Effects of a health worker-led 3-month yoga intervention on blood pressure of hypertensive patients: a randomised controlled multicentre trial in the primary care setting.

BMC Public Health 2021 03 20;21(1):550. Epub 2021 Mar 20.

Institute for Health and Sport, Victoria University, Melbourne, Australia.

Background: Hypertension control remains a major challenge globally. A recent systematic review suggested that yoga has beneficial effects on reducing blood pressure. However, the role of yoga in hypertension management in primary health care has received little attention, and no studies have evaluated the impact of a yoga program fully delivered by health care staff on hypertension. This study, therefore, assessed the effects of a health worker-led yoga intervention on blood pressure reduction among hypertensives patients in the primary care setting.

Methods: This was a multicentric, two-arm, randomised trial conducted among hypertensive patients in seven Ayurveda Health Centres in Nepal between March 2017 and June 2018. One hundred and twenty-one participants who were on or without medications were randomised to intervention (n = 61) and wait-list control (n = 60) groups using stratified block randomisation. Participants in the intervention arm received an intervention consisting of an initial five-day structured yoga training at the centres and then a further home-based practice of yoga for five days a week for the following 90 days. Both intervention and control groups also participated in a 2-h health education session. The primary outcome of this trial was systolic blood pressure at 90-day follow-up. Data were analysed on an intention-to-treat basis using linear mixed-effects regression models.

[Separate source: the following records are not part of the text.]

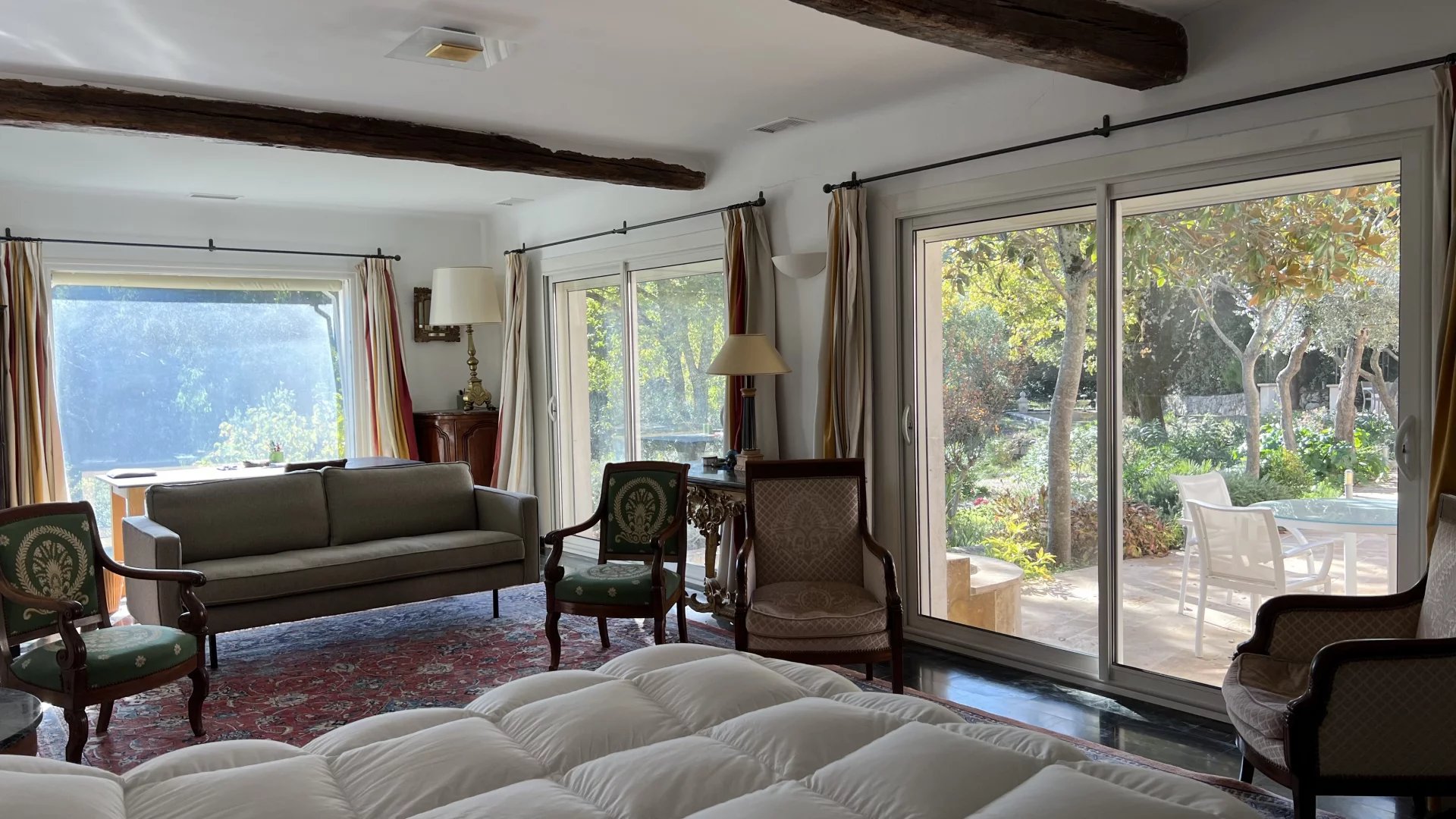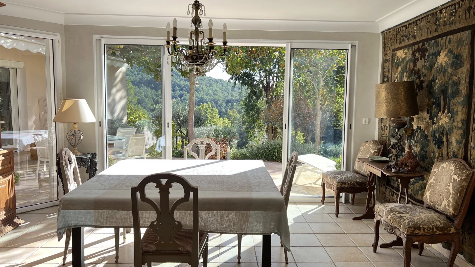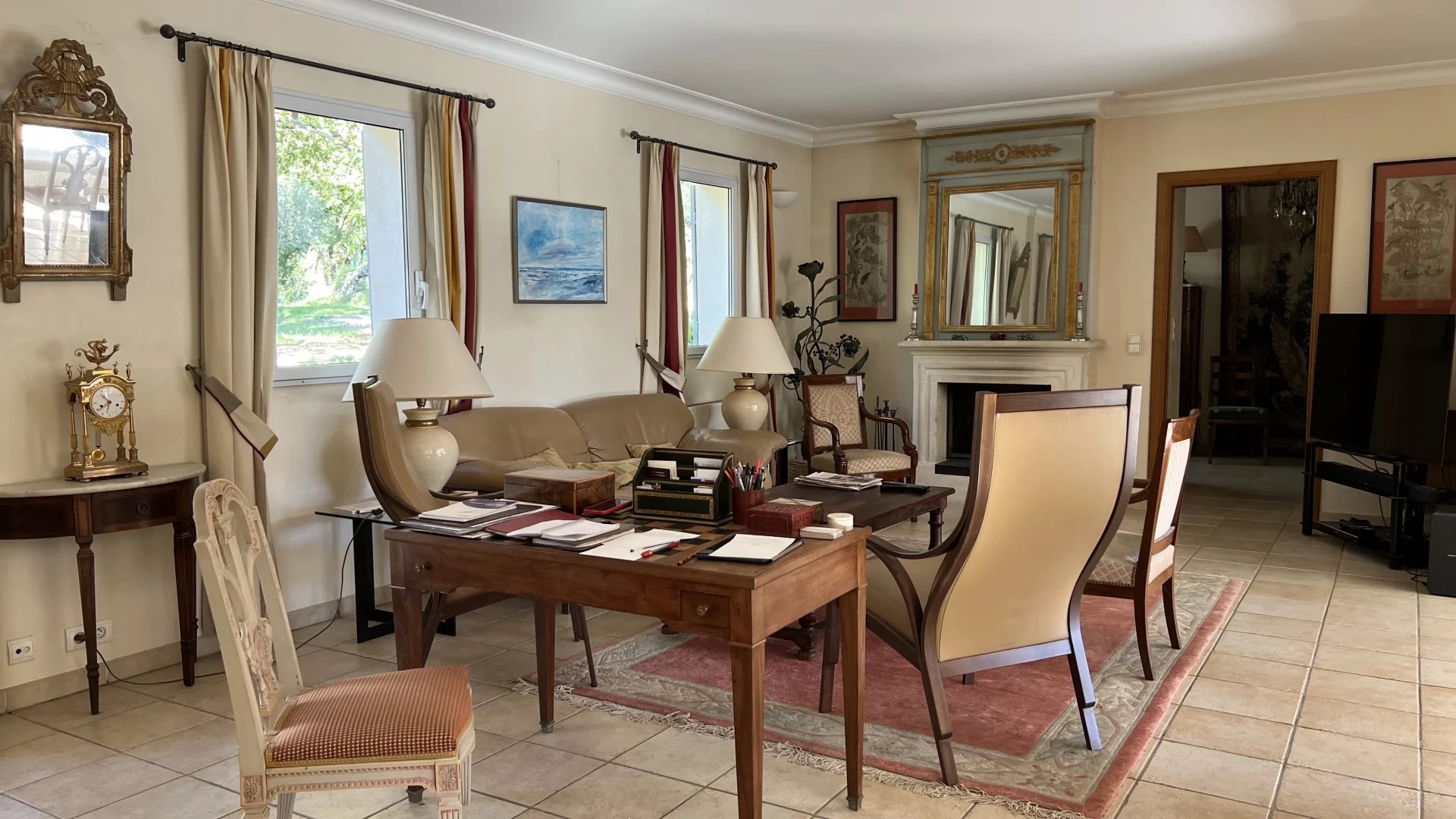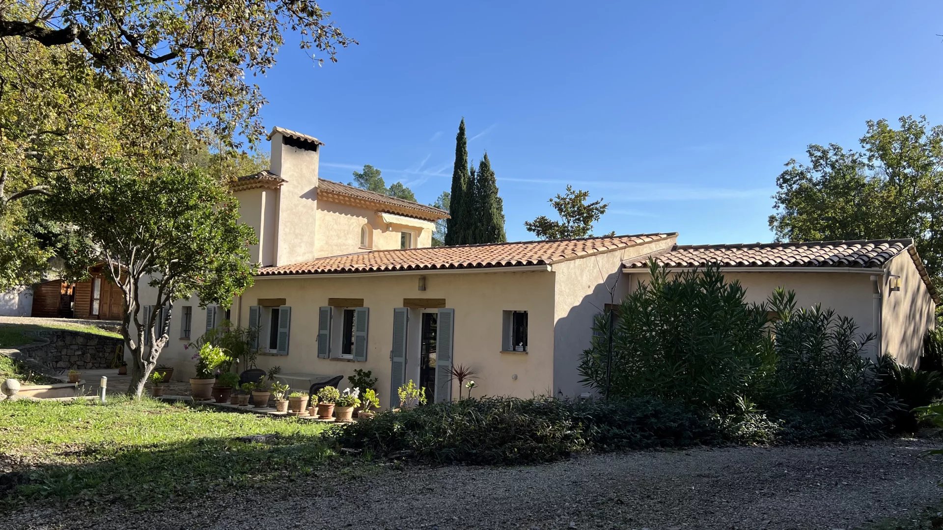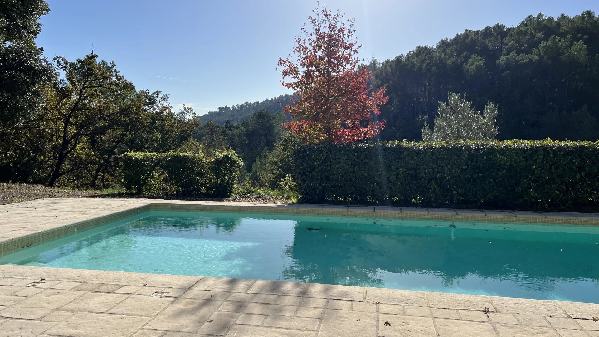 On 2 hectares of land with olive groves, property comprising a 205 m2 villa, a 55 m2 stone Mazet, a 25 m2 chalet, a 33 m2 swimming pool with pool house and a 15 m2 stone garden shed. Garages and various outbuildings.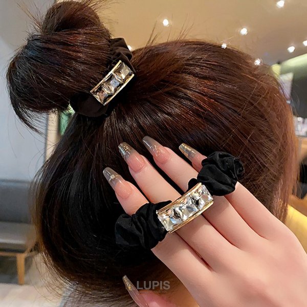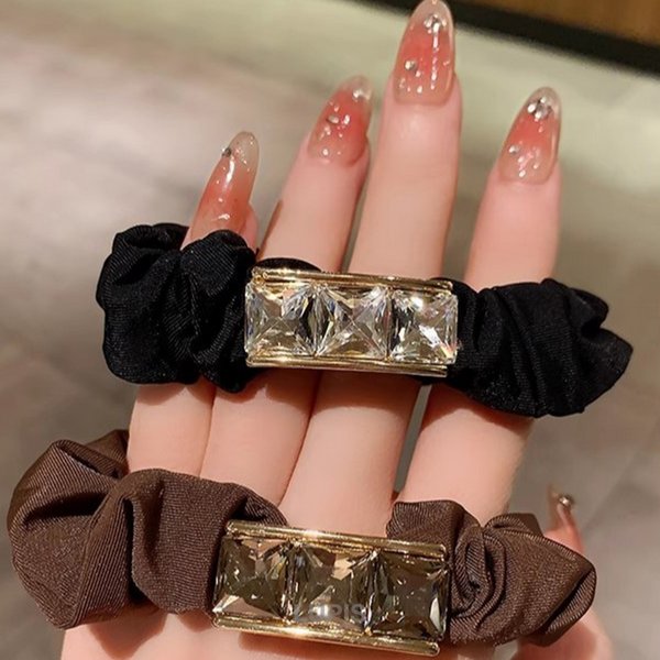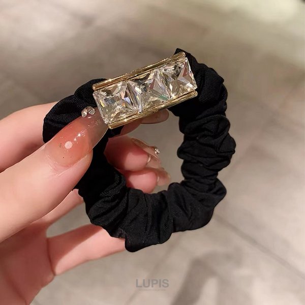 • スクエアビジューシュシュヘアゴム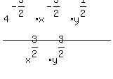 : (4x to the negative one power, y to the 1/3 power) to the 3/2 power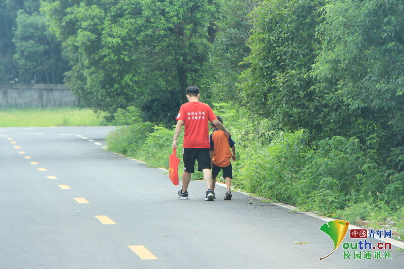 图为志愿者正在护送孩子上学,并在途中与孩子交谈。中国青年网通讯员 何星逸 摄

Results: We included all 121 study participants (intervention/control = 61/60) in the primary analysis (52.1% males; mean ± SD age = 47.8 ± 10.8 years). The difference in systolic blood pressure between the intervention group and the control group was - 7.66 mmHg (95% CI: - 10.4, - 4.93). For diastolic blood pressure, the difference was - 3.86 mmHg (95% CI: - 6.65, - 1.06). No adverse events were reported by the participants.

Conclusions: A yoga program for hypertensive patients consisting of a five-day training in health centres and 90 days of practice at home is effective for reducing blood pressure. Significant benefits for hypertensive patients could be expected if such programmes would become a part of the standard treatment practice.

Trial Registration: This trial was prospectively registered with the Clinical Trial Registry of India [ CTRI/2017/02/007822 ] on 10/02/2017.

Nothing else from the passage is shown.